Bank hardship measures have been evolving, and banks have become more open about what they can do for people who have fallen into money trouble.
Since 2021, they have developed better hardship webpages (ANZ, Westpac, ASB, Bank of New Zealand, and Kiwibank).
And after the recent Auckland floods and Cyclone Gabrielle, banks added interest-free emergency overdrafts to the bank menu of hardship responses.
Standard items in the menu are referenced in lending laws, and are listed on each bank’s hardship webpages.
They include temporarily reducing, or suspending loan repayments, allowing people to make interest-only payments, and restructuring loans (for example, pushing the repayment end date out for a few years)
They can also help people get money out of KiwiSaver in order to clear arrears on home loans.
But banks are coy about mentioning some other options.
Banks can, for example, write off all, or part of a loan, as Bank of New Zealand (BNZ) admitted it sometimes did for victims of intimate partner violence.
Banks have also now shown they can temporarily tweak loan accounts to zero interest rates (or 0.01% in the ASB’s case), and could make use of that in some hardship cases, Verry says.

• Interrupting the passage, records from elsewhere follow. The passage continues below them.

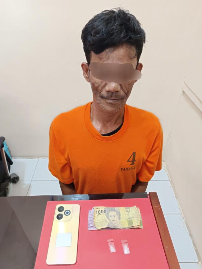 Penangkapan pelaku disaksikan 2 orang warga sekitar. Saat dilakukan pengeledahan ditemukan barang bukti berupa 2 paket kecil sabu yang dibungkus plastik putih bening, sebuah handphone dan uang tunai.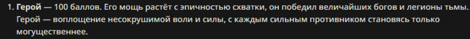 Герой Могущественная сущность из далекого мира, выглядящая, как рыцарь в сияющих латах. Герой не просто любит эпичные битвы, а в прямом смысле живет ими. Его мощь напрямую определяется эпичностью схватки: чем сильнее враги, тем сильнее он сам. Когда-то он кинул вызов всем богам сразу и победил, после чего в одиночку отправился на бой с легионами тьмы и снова одержал верх. Не существует достаточно сильного противника, чтобы одолеть Героя: против любой невероятной силы он получит невероятную силу в двойном объеме, а самая коварная магия разобьется о его несгибаемую волю. Сразить Героя можно только слабостью. Любой, кто тщедушен, труслив, предсказуем и жалок, битва с кем не сулит славы и зрелищ, является для него смертельной угрозой. Без эпичных сражений Герой зачахнет и умрет.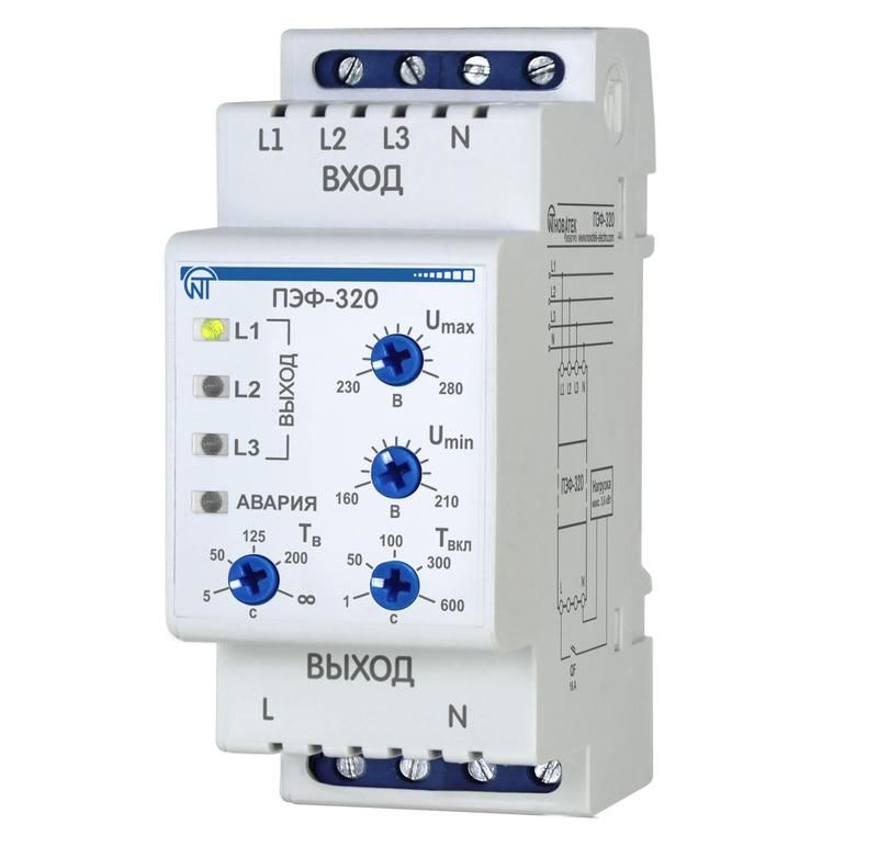 - Защита: обрыв фазы, перенапряжение (>280 В), пониженное напряжение (<160 В)

“You’ve got a client with you for 30 years, possibly for life. If there’s one or two years where you don’t make any money out of them, isn’t that part of a long-term relationship?” Verry says. “I call it sharing the pain.”
Banks have weaknesses in handling hardship claims, mentors say. This includes having closed so many branches, people have to apply online, which is hard for people with low literacy and financial skills.
Verry says bank hardship training for staff can be spotty, with some bankers much less skilled in it than others.
Once, a bank staffer suggested a person in hardship take on a personal loan to clear some arrears, which could have been more cheaply added to their home loan, as it eventually was.
“I thought, ‘You’re joking me.’ That came back to training,” he says.
Financial mentors can help people get help to negotiate hardship deals with banks, but Verry says there are waiting periods of two to three weeks at some services.